In principle, all modified and trained models (Mask R-CNN, MS R-CNN, D2Det and YOLACT) achieve good to very good results in visual output, qualitatively and quantitatively, and could possibly be used for diagnostic purposes. The adjustment and optimisation of training parameters was absolutely necessary, as the original versions delivered very weak performance or were even unable to detect some blood cell types. To improve the relatively weak detection performance of Mask R-CNN (Ø 47% of GT for validation and test set) for PLT, further optimisation of the anchors to detect smaller objects should be performed. Furthermore, YOLACT shows very good results for the detection of WBC and PLT, but the performance for RBC is a bit weaker as these are often not detected at the image edges. Whether the detection of cells that are partly outside the field of view will be advantageous for diagnostic applications in the future has yet to be assessed. Otherwise, these cells could be ignored and would significantly improve the overall performance of the network. Pre-processing of the images with traditional image recognition algorithms such as thresholding, k-means clustering, contrast enhancement etc. are also conceivable to improve the overall performance.

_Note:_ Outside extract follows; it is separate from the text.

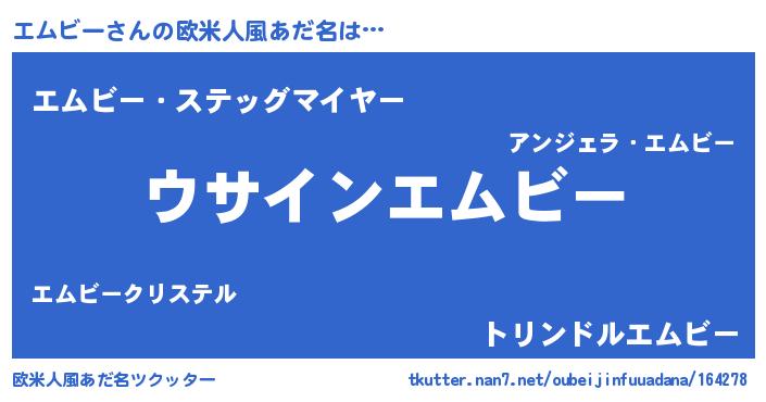 | 男性向けラノベタイトル風あだ名 | 『エムビーの嫁は女の子じゃないと思った?』 |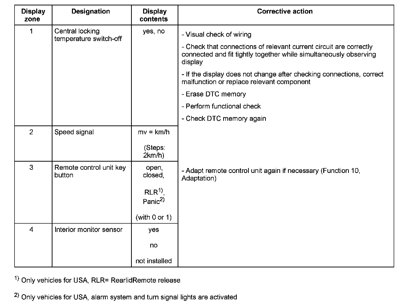 Display Zone 1 - 4:

The performance of the optimised instance segmentation models for the recognition of different blood components is also compared with existing similar research. Dhieb et al. [36] used the Mask R-CNN network as a basis for the instance segmentation of two blood components (no PLT) and achieved a quantitative accuracy of 92% for the detection of RBC and 96% for WBC. The detection accuracy of the models presented in this publication is up to 7% higher for RBC (Ø 99% for Mask R-CNN and MS R-CNN of GT for validation and test set). For WBC, Mask R-CNN, MS R-CNN and D2Det achieve a better result for the detection performance (Ø 99% for Mask R-CNN and D2Det, Ø 98% for MS R-CNN of GT for validation and test set). The training and validation set in this work contain in total only 71 WBC while Dhieb et al. [36] used a dataset of 150 images with 24.000 cells [62]. However, due to applied cross validation including calculated standard deviations, the comparison between the results of the validation and test set allow a statistically significant statement. The researchers in the aforementioned work did not perform a qualitative evaluation of the segmentation results. Alam and Islam [27] use YOLO as a basis for object detection of all blood components and achieve a quantitative accuracy for the detection of RBC of 96.09%, 86.89% for WBC and 96.36% for PLT. Again, the detection accuracy of the models in this publication is up to Ø 3% higher for RBC and Ø 13% higher for WBC. For PLT, only YOLACT achieves a higher detection performance of Ø 99% of GT for validation and test set. The authors achieved a mAP of 0.6236 as a qualitative measure, thus being slightly higher than the MS R-CNN presented (Ø 0.57 for validation and test set). However, Alam and Islam [27] use only object detection and not, as in this work, significantly more advanced instance segmentation. Both publications also use datasets [28, 61] with images taken at 1000 × magnification and standard microscopes, so that a significantly better resolution is available and the detection of the cells is consequently easier.

To further improve the presented models and increase their accuracy, the dataset should be enlarged to provide more images for training and validation. Furthermore, additional robustness can be generated by using other noise parameters to degrade the image quality, such as changing the illumination, using a camera with lower resolution etc.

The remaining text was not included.